The artist’s next series of narrow, brightly coloured striped paintings are often subdued on blurred images from trivial spheres of culture, faces from the newspaper or kitschy still-life flower vases. Large Black and White Head #1 (1991) is a huge nine-foot by six-foot evenly striped painting that pushes the viewer back in an effort to find the picture within a picture, or to extract the explicable from the inexplicable. Instead, it exposes an incredibly banal face.
This early foray into the abstraction of realism furthered his research into sensory awareness. Challenging the modernist conventions of what a painting is for, he recycles imagery and pushes the threshold of the formation of meaning. These out-of-focus, trash-culture photographic-like images relate to Gerhard Richter’s experiments that contest the conventions of painting and photography by "blurring" the details into a question of what is precisely represented. This semiotic look at our sense of perception starts de-constructing the realism of popular culture to what we really experience. Are these striped paintings a travesty, or do they still fulfil Cran’s goal of being pleasurable? Or both?
In the last set of abstract paintings, it is increasingly obvious that Cran is more interested in objective retinal stimulation than the subjectivity of utopian dreams. The intense esthetic satisfaction of the senses manipulates the viewer into becoming physically involved as they move back and forth to find the facial image in Black Portrait (1993). This early painting in Cran’s abstracts references the portraits in his earlier work.
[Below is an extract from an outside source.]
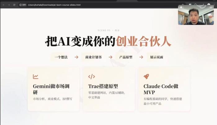 针对创业场景,他拆解AI作为创业合伙人,从想法到产品原型的完整路径,为有创业意愿的学子提供了清晰指引。
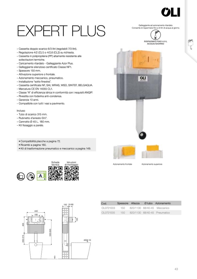 - Cassetta doppio scarico 6/3 litri (regolabili 7/3 litri).

Continuing to delete any reference to his previous realism, the painter’s abstracts become more attuned to a real-life occurrence. Cran’s next works define the paint material in monochromatic continuous swoops that clarify his investigation into perception. Silver Painting #5 (1995) and Clear Painting #4 (1996) don’t make any pretence about being mirrored facsimiles of life. Instead they get straight to the point and draw the viewer into something remarkable and astonishing. These pieces are completely sensual, erasing the emotional or intellectual distractions of his earlier work. Where does the artist go from here?
The monochromatic Black and White Painting #4 (1995) is yet another step in Cran’s ongoing investigations to examine our sense of perception. Challenging the illusionary depth of a flat image, he theatrically plays with frames of illusionary space.
The up-to-date, latest inquiries into this research will be exhibited in the fall at TrépanierBaer in Calgary. If you want to know how this great artist got to here from there, be sure to revel in Surveying the Damage, now showing at The Art Gallery of Calgary.